Home » , » Menghadapi operator atau user alat kesehatan yang enggan memberikan waktu untuk pemeliharaan alat

Menghadapi operator atau user alat kesehatan yang enggan memberikan waktu untuk pemeliharaan alat

 

 

Bagaimana bila berhadapan dengan operator user yang tidak kooperatif / tidak memberikan waktu alat kesehatannya untuk dimaintenance dengan alasan alat dipakai terus menerus dan jadwal pasien padat ? 

Menghadapi operator atau user alat kesehatan yang enggan memberikan waktu untuk pemeliharaan dengan alasan "alat selalu dipakai karena banyak pasien" adalah tantangan umum di fasilitas kesehatan. Namun, pemeliharaan tetap harus dilakukan demi keselamatan pasien dan kelangsungan operasional alat.

Berikut adalah pendekatan strategis dan persuasif yang bisa dilakukan:

1. Edukasi Pentingnya Maintenance Preventif

Sampaikan bahwa:

  • Pemeliharaan teratur = mencegah kerusakan mendadak.

  • Downtime mendadak justru bisa lebih lama dan mengganggu dibandingkan downtime yang direncanakan.

  • Kesalahan alat = risiko pasien = tanggung jawab medis dan hukum.

Contoh pendekatan:

“Kalau alat ini gagal mendadak saat pasien kritis, dampaknya bisa sangat besar. Jauh lebih aman jika kita kontrol dulu saat kondisi masih bisa dikendalikan.”

2. Koordinasi Jadwal: Win-Win Solution

Usulkan waktu maintenance saat:

  • Beban pasien rendah (shift malam, akhir pekan, jam istirahat).

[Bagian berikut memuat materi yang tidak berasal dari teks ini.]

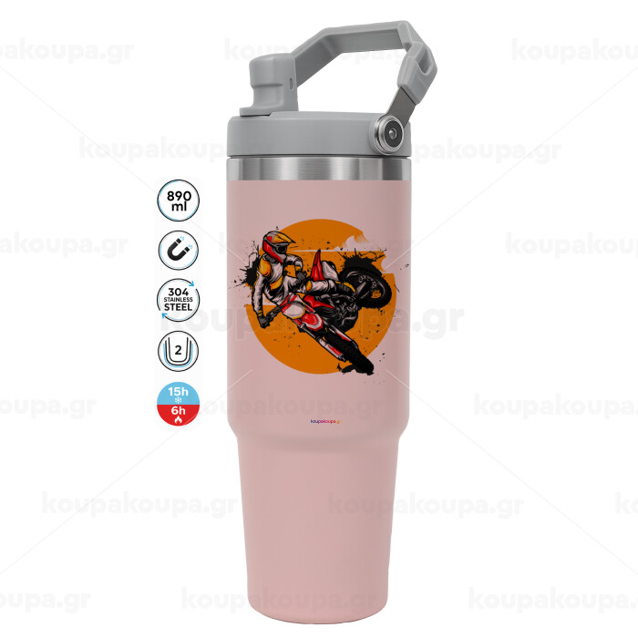 Motocross, Pink color, 890ml (30oz) stainless Steel Tumbler with Handle

  • Atau saat alat tidak sedang digunakan aktif.

Tips:

  • Lakukan survei jadwal operator.

  • Tawarkan opsi fleksibel (contoh: "Kami bisa datang pukul 21.00 setelah pasien terakhir.")

3. Konsultasi dengan Manajemen atau Kepala Unit

Jika user tetap menolak, eskalasi ke atasan langsung mereka atau ke bagian manajemen teknis/medis. Bawa data:

  • Riwayat kerusakan alat.

  • Potensi risiko tanpa perawatan.

  • Waktu minimum yang dibutuhkan untuk maintenance.

4. Gunakan Sistem Tertulis

Buat sistem tertulis, seperti:

  • Jadwal pemeliharaan yang disahkan manajemen.

  • SOP yang mewajibkan operator untuk menyerahkan alat sesuai jadwal.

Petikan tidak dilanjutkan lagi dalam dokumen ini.